Research Article | Open Access

Volume 2021 | Article ID 6661744 | https://doi.org/10.1155/2021/6661744

Development and Validation of a Complexometric and Potentiometric Titration Method for the Quantitative Determination of Zinc Pyrithione in Shampoo

Greciel E. Egurrola,¹Angela P. Mazabel,¹and Johnbrynner García¹

Academic Editor: Alessandro Buccolieri

Received26 Oct 2020

Accepted24 Dec 2020

Published06 Jan 2021

Abstract

Most of the pharmaceutical and cosmetic products used for the treatment of dandruff have zinc pyrithione as an active ingredient; therefore; quantifying this component becomes necessary. The purpose of this study was the validation of two simple and fast methodologies in the quantification of zinc pyrithione for shampoo quality control to guarantee consumer safety. The first method comprised a manual complexometric titration, and the second comprised a potentiometric titration performed with an automatic titrator, obtaining sensitivity values of 0.0534% and 0.0038%, respectively, precision expressed in RSD% values below than 1%, and accuracy in recovery percentage greater than 99%. Additionally, both methods were robust when subjected to significant changes in working conditions (temperature and pH) and were selective even in the presence of interferences and degradation products. Finally, the methodologies were adequate to ensure the quality of shampoo to ensure the safety of consumers.

1. Introduction

Zinc pyrithione (ZnPT) is an organometallic compound with chemical formula C₁₀H₈N₂O₂S₂Zn that has bactericidal and fungicidal activity. It is the antifungal agent most used in shampoos for control of dandruff due to its versatility. ZnPT was developed in the 1950s and first used as an antidandruff agent in 1961 even though the reason for dandruff was not exactly known at the time [1, 2]. Some factors that can trigger dandruff are environmental factors, hormonal problems, and imbalance in the microbial biome present in the scalp. The most common factor is imbalance in the microbial biome due to the increase in microorganisms of the Malassezia genus whose metabolic cycle involves the degradation of fatty acids, generating irritation and hyperflorative activity of the epidermis [3–6].

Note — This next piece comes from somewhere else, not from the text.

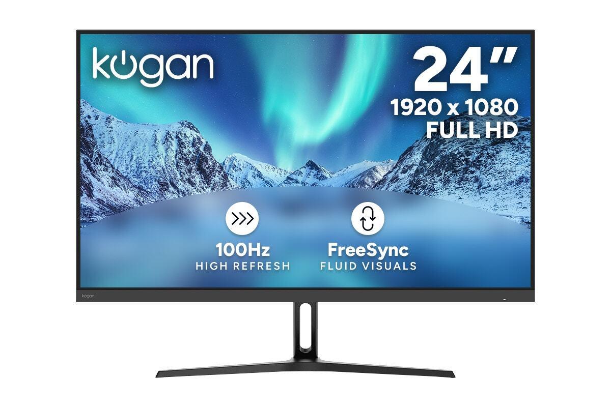 Experience smoother visuals and immersive clarity with the sleek Kogan™ 24" Full HD Monitor – perfect for work, study and entertainment. Enjoy fluid motion, vibrant colour and a frameless design that enhances both productivity and play.* _24" Full HD display._ Crisp 1920 × 1080 resolution for clear viewing.* _100Hz refresh rate._ Smoother transitions and reduced motion blur.* _FreeSync support._ Minimises screen tearing and input lag.* _Frameless design._ Clean, modern look with edge-to-edge visuals.* _16:9 aspect ratio._ Ideal for multitasking, media and gaming. Sharp, Full HD displayWith a 1920 × 1080 resolution, the Kogan 24" monitor delivers sharp, detailed visuals whether you're editing documents, watching videos or playing games. Its Full HD clarity ensures you don’t miss a single detail, while colours appear vivid and well-balanced for an exceptional viewing experience.Ultra-smooth 100Hz refresh rateEnjoy a more fluid experience with a 100Hz refresh rate that reduces motion blur and delivers smoother transitions. Whether you're gaming, scrolling or multitasking, the increased refresh rate enhances responsiveness and visual clarity across all your tasks.Tear-free FreeSync technologyEliminate screen tearing and stuttering during fast-paced scenes with built-in FreeSync support. By syncing your monitor’s refresh rate with your graphics card, it ensures smooth, uninterrupted visuals – ideal for gamers and content creators alike.Sleek frameless designThe minimalist, frameless design of this monitor not only looks great on any desk but also maximises screen real estate with edge-to-edge visuals. It’s ideal for dual-monitor setups and enhances your focus by reducing visual distractions.*Technical Specifications*Dimensions* VESA Wall Mount Pattern: 75 × 75mm* Weight: 2.9kg* With Stand: 538 × 186 × 413mm* Without Stand: 538 × 45 × 319mmDisplay* Brightness: 250cd/m²* Colour Depth: 8 bit* Colour Temperature: Warm: 6500K | Standard: 7500K | Cold: 9300K* Colours: 16.7M* HDR: Yes* Monitor Resolution: Full HD* Monitor Size: 24"* Native Aspect Ratio: 16:9* Panel Type: VA* Refresh Rate: 100Hz* Resolution: 1920 × 1080* Response Time: 14ms* Static Contrast Ratio: 4000:1* Viewing Angle: 178° (V) / 178° (H)* sRGB: 99%Features* Colour: Black* Flicker-free: Yes* FreeSync: Yes* Freesync Range: 48–100Hz* Low Blue Light: Yes* OnScreen Control (OSC): YesFunctions and Features* LED Indicator Light: YesGeneral* Design: Frameless design* Type: MonitorInputs* HDMI: 2 × 2.1Outputs* Headphone Jack: YesPerformance* Tilt Angle: –5° ~ 15°Power* Output: 12V, 2.5A* Power Consumption: 24W* Power Supply: 100–240V, 50/60Hz* Standby Consumption: < 0.5WWarranty* Manufacturer Warranty: 1 Year

The mechanism of action that ZnPT follows as an antifungal agent varies and will depend on the microorganism being studied [7, 8]. ZnPT depolarizes the microorganism membrane, preventing the transport of nutrients and energy production [9, 10], and can also increase the amount of copper present in the cell, diminishing the functions of iron-sulfur proteins [11, 12]. In addition to antifungal properties to combat dandruff, ZnPT acts at the cellular level by being cytostatic, regulating the uncontrolled division of scalp cells, and is antiseborrheic due to the sulfur groups in the molecule [13, 14].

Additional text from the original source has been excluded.